First of all, we charge a small subscription fee each month. This severely
limited our abilities to cherry pick payment processors. Second, we did not
want to deal with (store on our servers) sensitive data such as credit card
numbers.

From a technical point of view FPS is a bit too complicated. Definitely more
so than other gateways we looked at. That is because it's too generic: instead
of 2 perties there are always 3. "Build your own PayPal!" is their idea. For
people who aren't building their own paypal it is a bit annoying.

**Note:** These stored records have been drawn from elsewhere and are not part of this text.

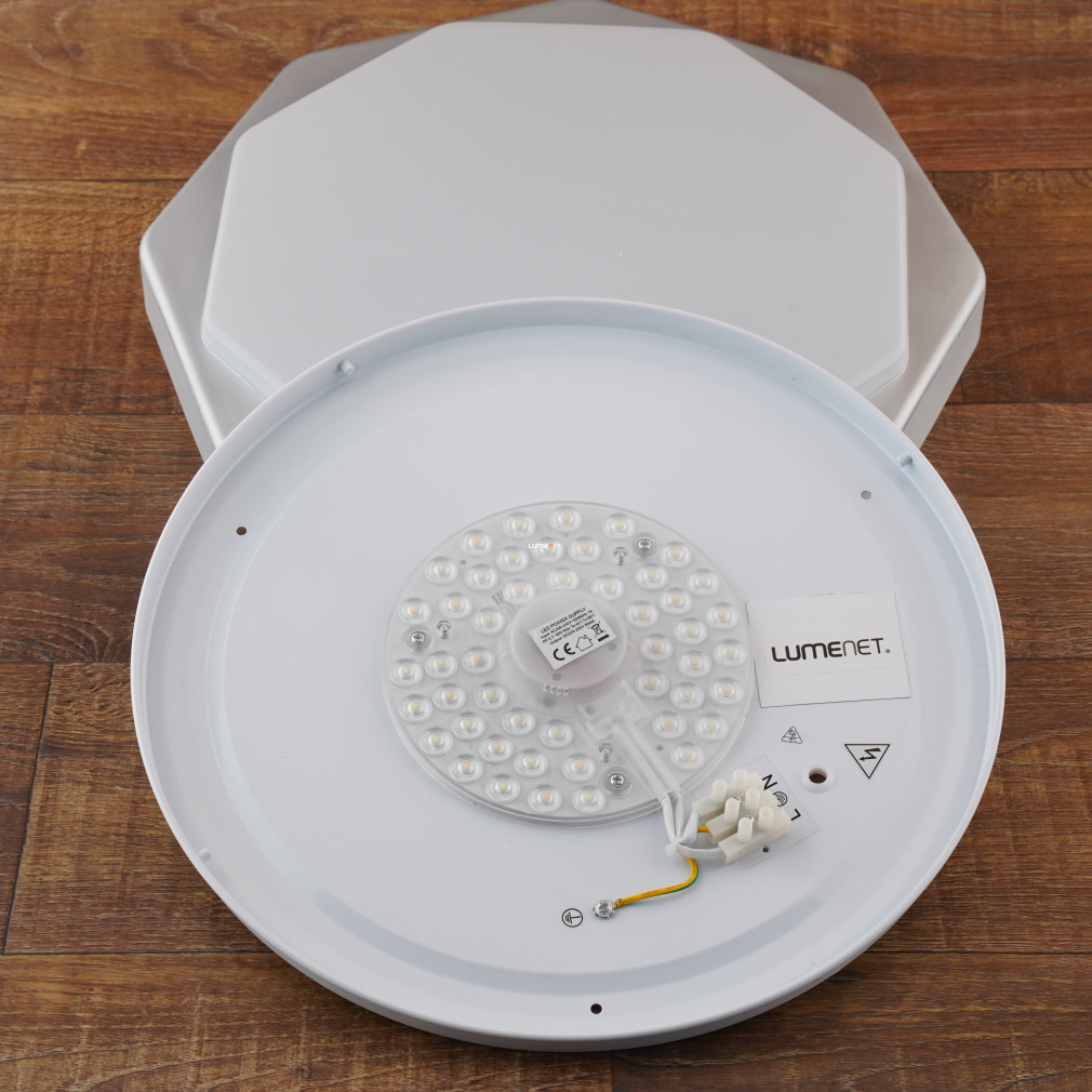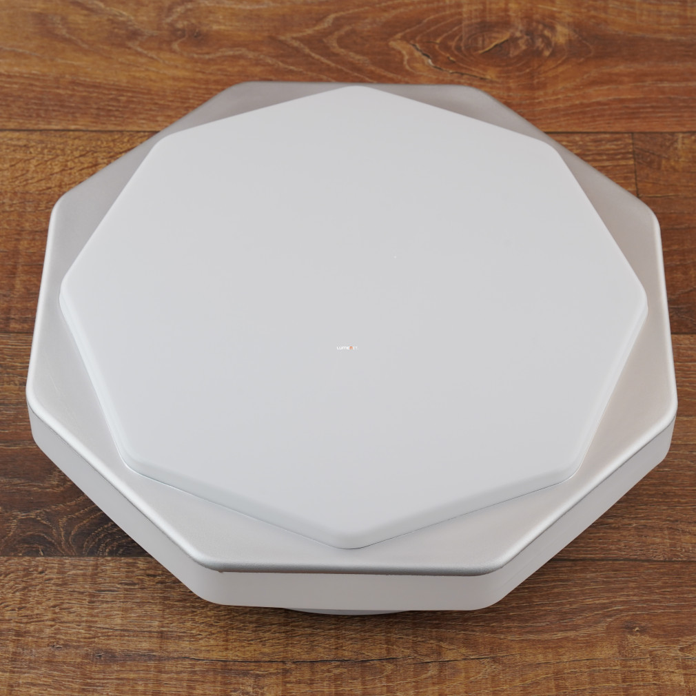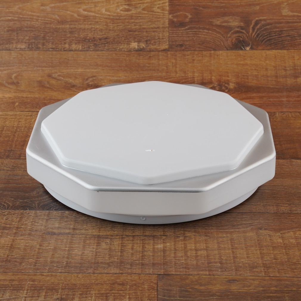 Lampa LED de tavan Dettora Rábalux 71046 are un abajur octogonal modern și o combinație de culori gri-alb care se potrivește perfect în orice spațiu de locuit. Modulul LED încorporat de 18 wați oferă un flux luminos de 1150 lumeni, cu o temperatură de culoare care poate fi reglată între 3000, 4000 și 6000 Kelvin, permițându-vă să setați lumina albă rece sau albă caldă. Luminozitatea și temperatura culorii pot fi reglate cu ușurință folosind telecomanda sau comutatorul de perete inclus. Lampa dispune, de asemenea, de o funcție de memorie, temporizator și opțiune de lumină de veghe, care îmbunătățesc și mai mult experiența utilizatorului. Corp de iluminat cu clasă de protecție IP20 este fabricat din metal și materiale plastice și are o durată de viață medie de 10.000 de ore. Dimensiunile ambalajului produsului sunt de 38x38x8 cm, iar greutatea acestuia este de 0,77 kg. Lampa poate fi utilizată numai cu un modul LED, care este inclus în pachet.
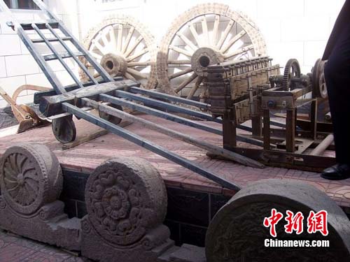 石雕碾盘,花轱辘牛车饼,耙地用的农具堆满了孙玉贵的“民俗大院”。谭地摄
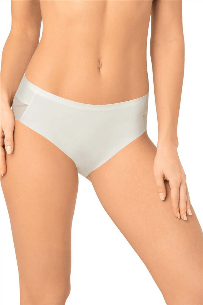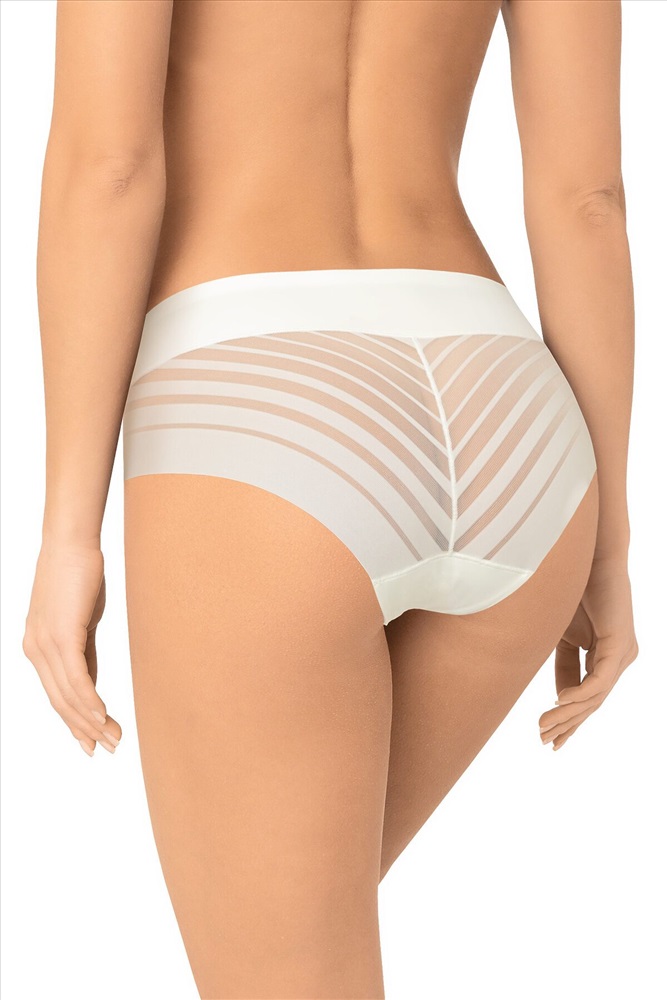 Трусы макси-слип с высокой линией талии. Передняя деталь выполнена из мягкой микрофибры, задняя деталь - из декоративного полотна с чередующимися полосками разной ширины. Спереди вырез ножки обработан с использованием технологии "лазерный край". Линия талии проклеена вподгибку. Хлопковая ластовица притачана к изделию потайным швом. Благодаря особенностям обработки материалов изделие абсолютно незаметно под одеждой. 1 штука в упаковке, упаковка - адресная картонная коробочка.
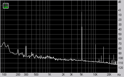 Спектр сигнала, воспроизводимого колонкой при подаче частоты 5 кГц
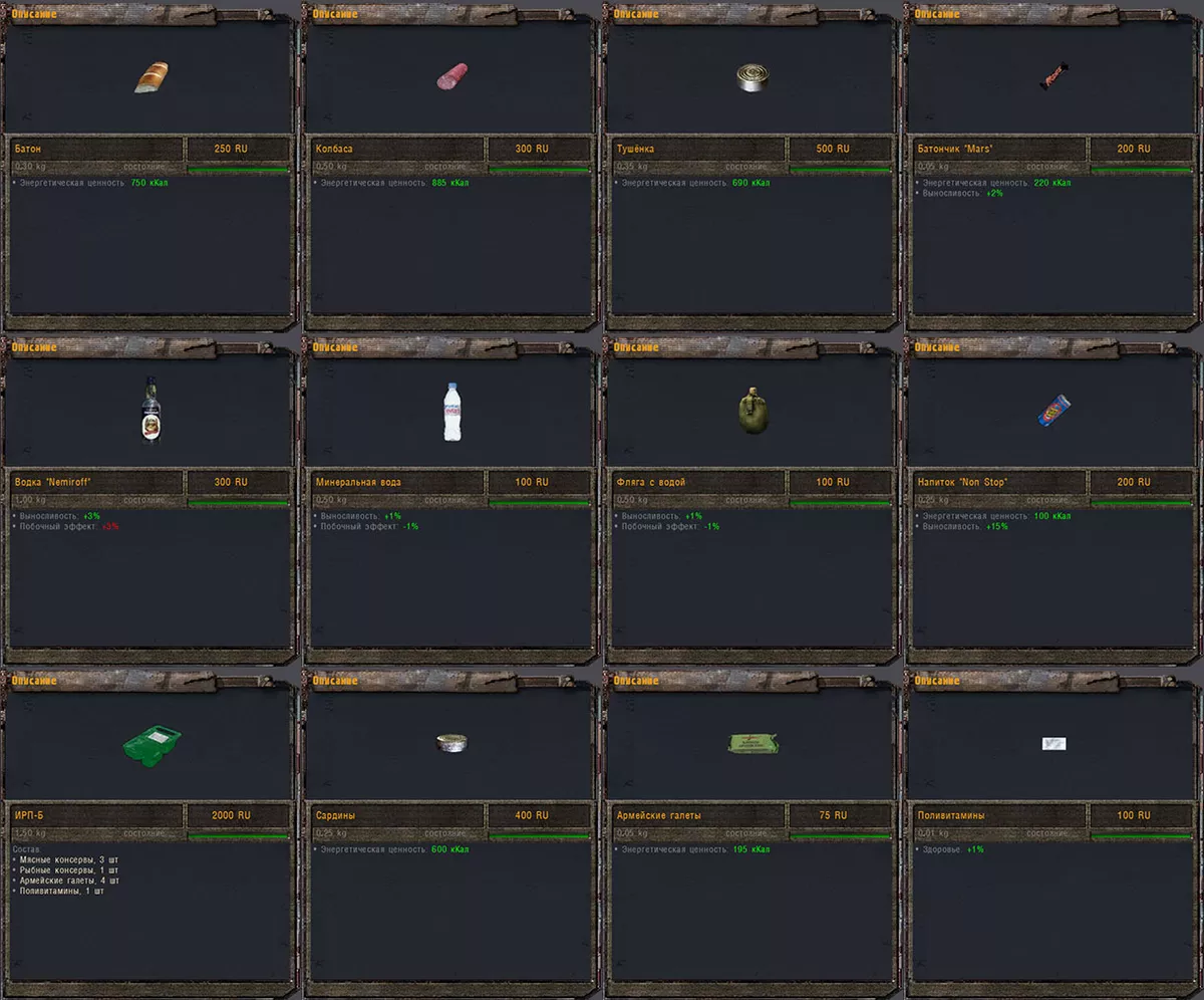 - Исправлен нереалистичный вес MRE (0,35 кг вместо 0,8 кг)
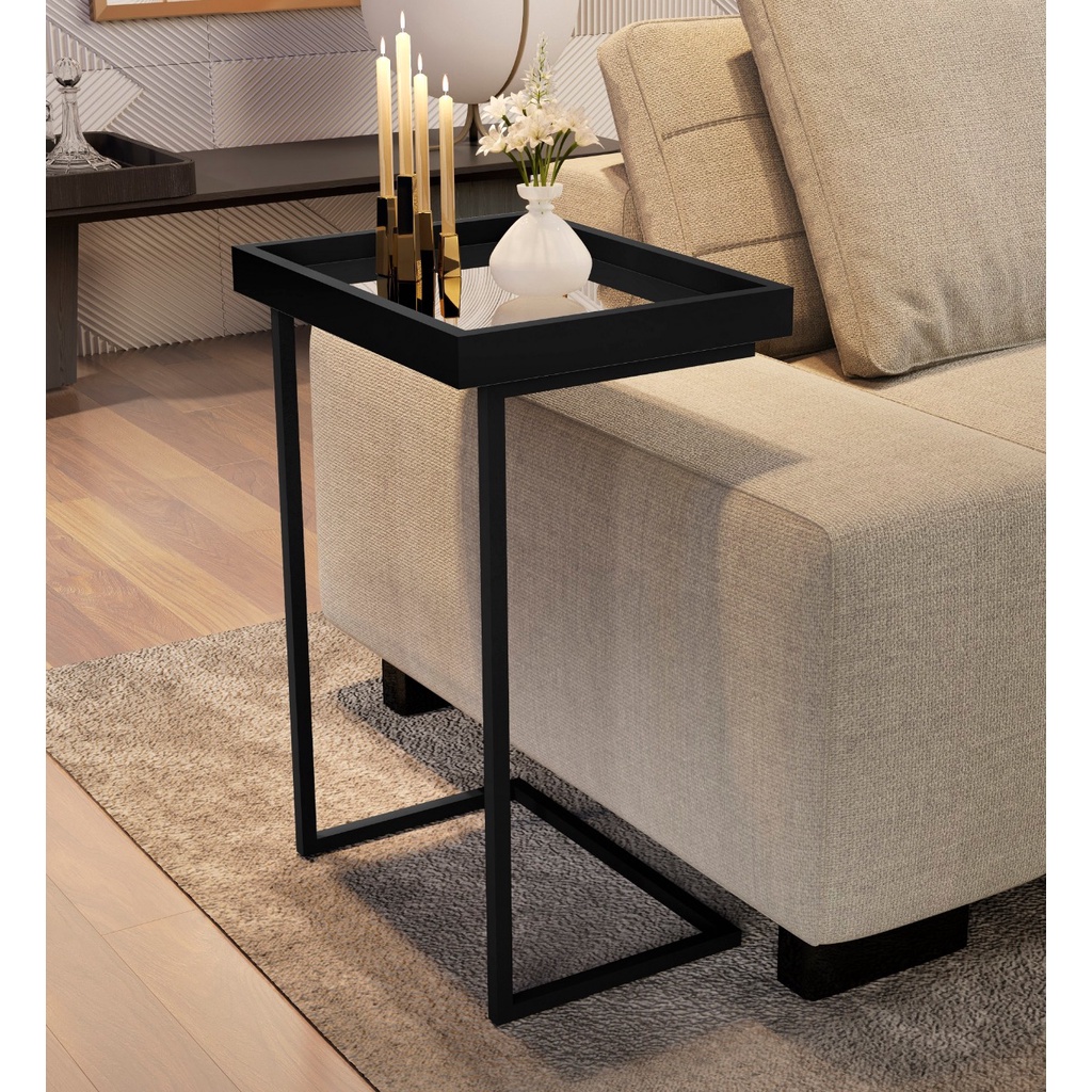 Mesa De Canto Apoio Para Sofá Cama Bandeja Espelhada
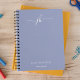 Cuaderno Libro de bocetos del monograma azul con nombre
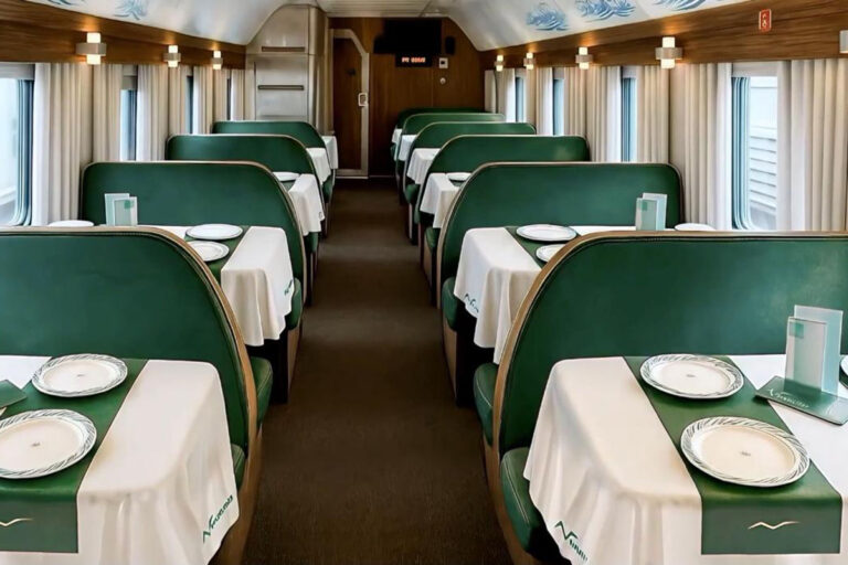 В состав поезда войдут вагоны с местами для сидения стандартной и улучшенной компоновки, купейный штабной вагон, вагон СВ и вагон-бистро.
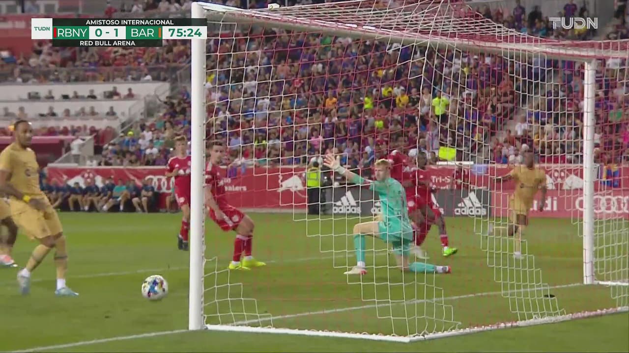 El Barcelona no puede hacer otro tanto que sentencie el partido y el disparo del catalán se va desviado al 76'.
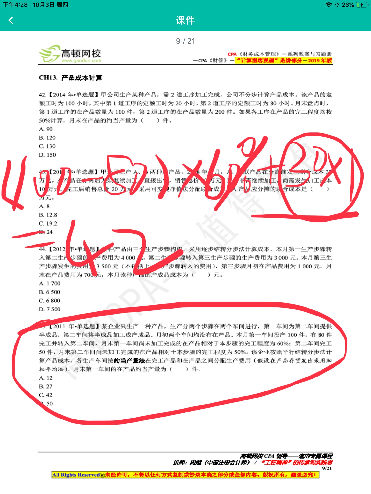 老师 ,第一步骤的完工产品是200件,答案里怎么是按120件...
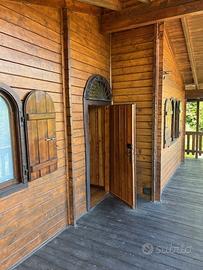 Vendo chalet completamente di legno su base di muratura e pietra. composto da camera matrimoniale, cameretta con letto a castello 3 posti , corridoio, bagnetto con doccia e lavabo e wc , cucina e ampio soggiorno con camino a legna perfettamente funzionante.
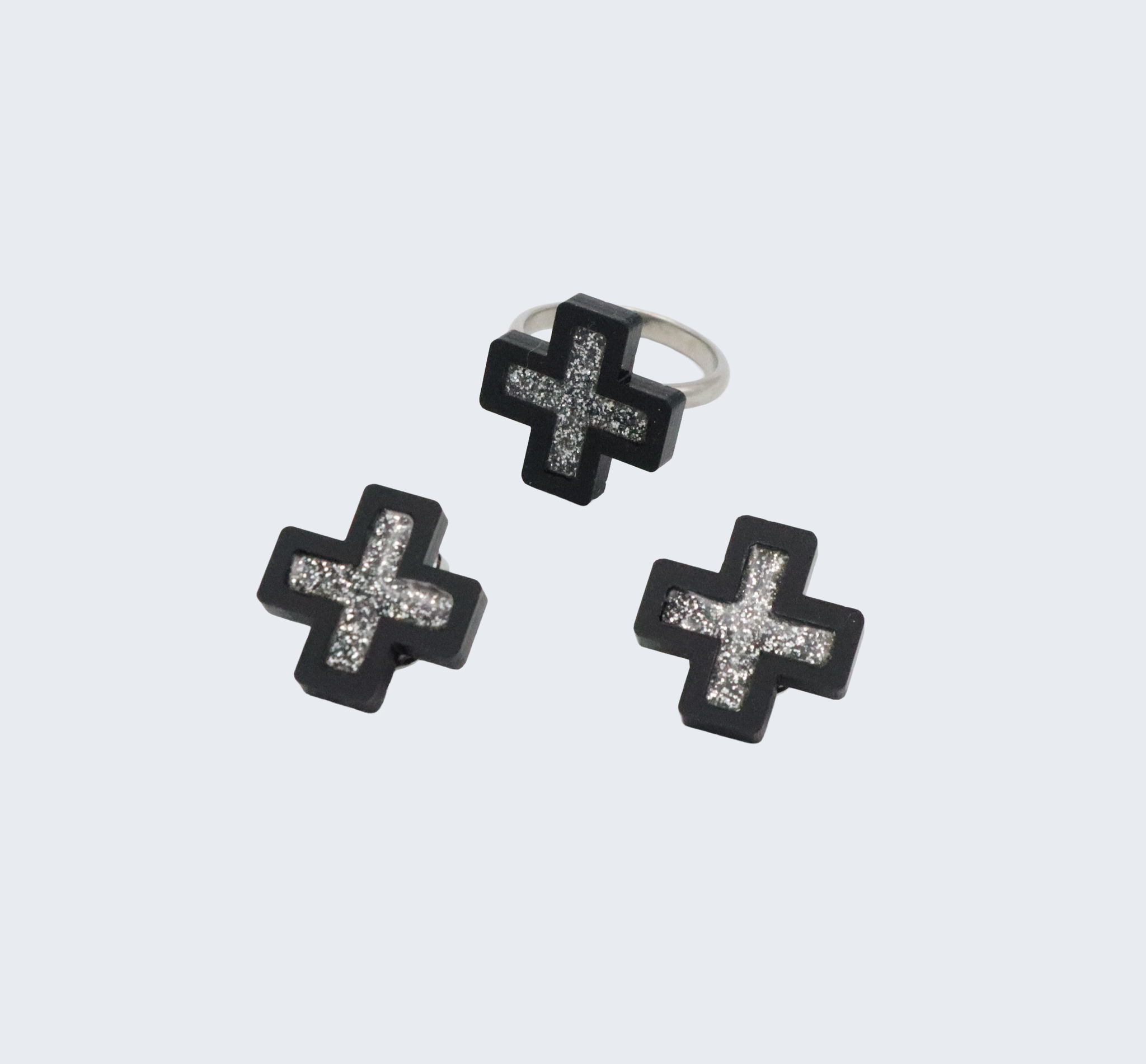 アクリルの中にグリッター素材をとじこめた、キラキラのアクセサリーです。
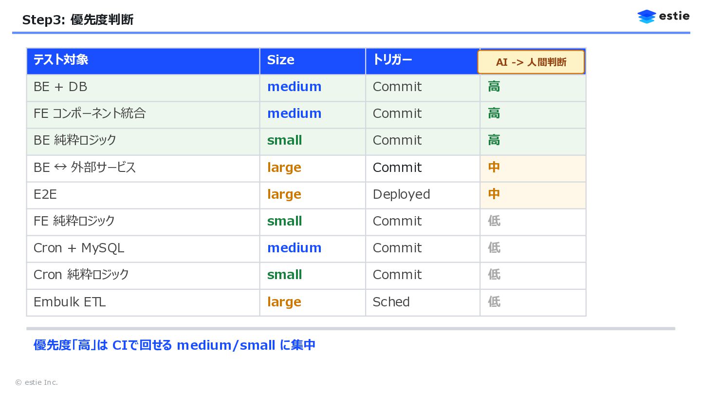 + DB medium Commit 高 FE コンポーネント統合 medium Commit 高 BE 純粋ロジック small Commit 高 BE 外部サービス large Commit 中 E2E large Deployed 中 FE 純粋ロジック small Commit 低 Cron + MySQL medium Commit 低 Cron 純粋ロジック small Commit 低 Embulk ETL large Sched 低 優先度「高」は CIで回せる medium/small に集中 AI -> 人間判断
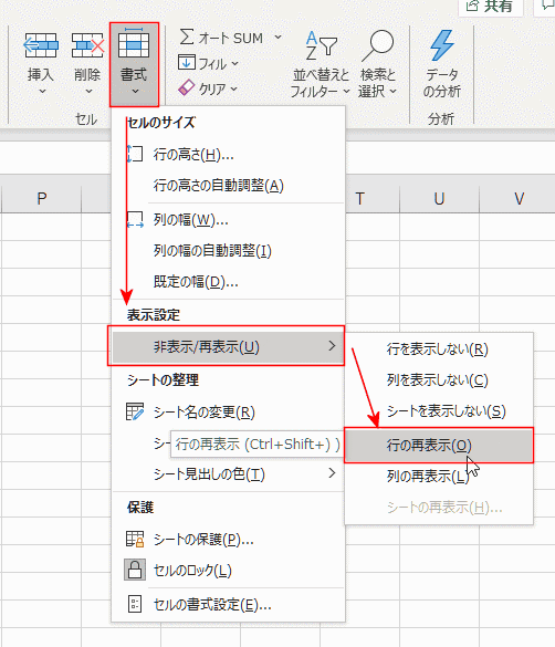 - [ホーム]タブのセルグループの[書式]→[非表示/再表示]→[行の再表示]を選択します。
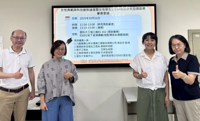 國立雲林科技大學為鼓勵更多女性投入 STEM(科學、技術、工程、數學)領域,今天(16日)舉辦「女性典範與科技創新論壇暨女性學生STEM專設研究型獎助案審查」,提供科研舞台。
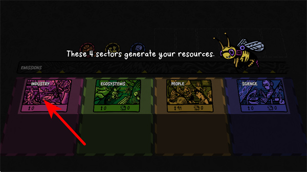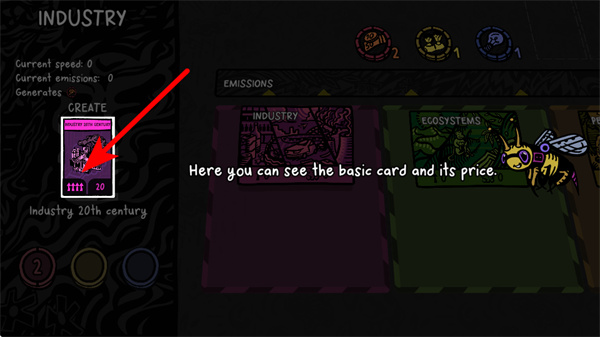 3、在工业板块界面,点击红色箭头指向的基础卡牌,查看其价格与效果,确认该卡牌的资源增益属性,规划建设优先级。
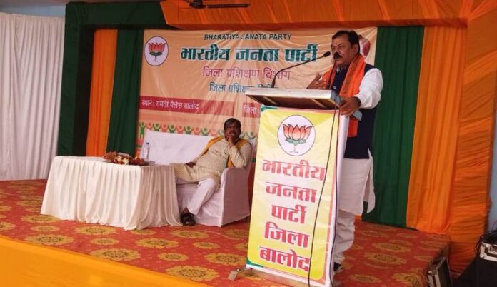 बालोद शहर के समता पैलेस में भारतीय जनता पार्टी द्वारा तीन दिवसीय आवासीय प्रशिक्षण वर्ग का आयोजन किया गया है जहां पर वर्ग के दूसरे दिन विभिन्न विषयों पर वक्ताओं ने अपने विचार रखे सप्तम सत्र से दिन की शुरुआत हुई व्यक्तित्व विकास पर अपना विचार उन्होंने कार्यकर्ताओं के समक्ष रखा उन्होंने कहा की भाजपा एक ऐसी पार्टी है जो अपने कार्यकर्ताओं को प्रशिक्षित करती है भाजपा ऐसी पार्टी है जिस पार्टी के प्रधानमंत्री नरेंद्र मोदी हैं आजादी के बाद आज 72 – 73 सालों में ऐसी विचार आया की धारा 370 हटना चाहिए, तीन तलाक खत्म होना चाहिए हम ऐसी पार्टी के कार्यकर्ता हैं जो विश्व का सबसे बड़ा दल है।

Secondly, your users must have Amazon accounts. That may be good and bad,
depending on how you look at it. To us it was bad: we did not want people to
see "Amazon" stuff during sign up process - we had some unpleasant experience
with similar approach taken by PayPal.

But most importantly there is ZERO customer service. They have no phone
support. None. If you try calling Amazon you won't find a single person who
knows anything about FPS. And their "Technical Support" form WILL NOT return
back to you within 24 hours. Basically it means that the system is not quite
ready for production use: if your customers cards get rejected for no reason,
you will need to solve that problem NOW.

Well.. that's about it. Just wanted to share, since I picked up FPS advice
somewhere on this board. We're going with authorize.net although it's unclear
how easy it is to work with them using Ruby.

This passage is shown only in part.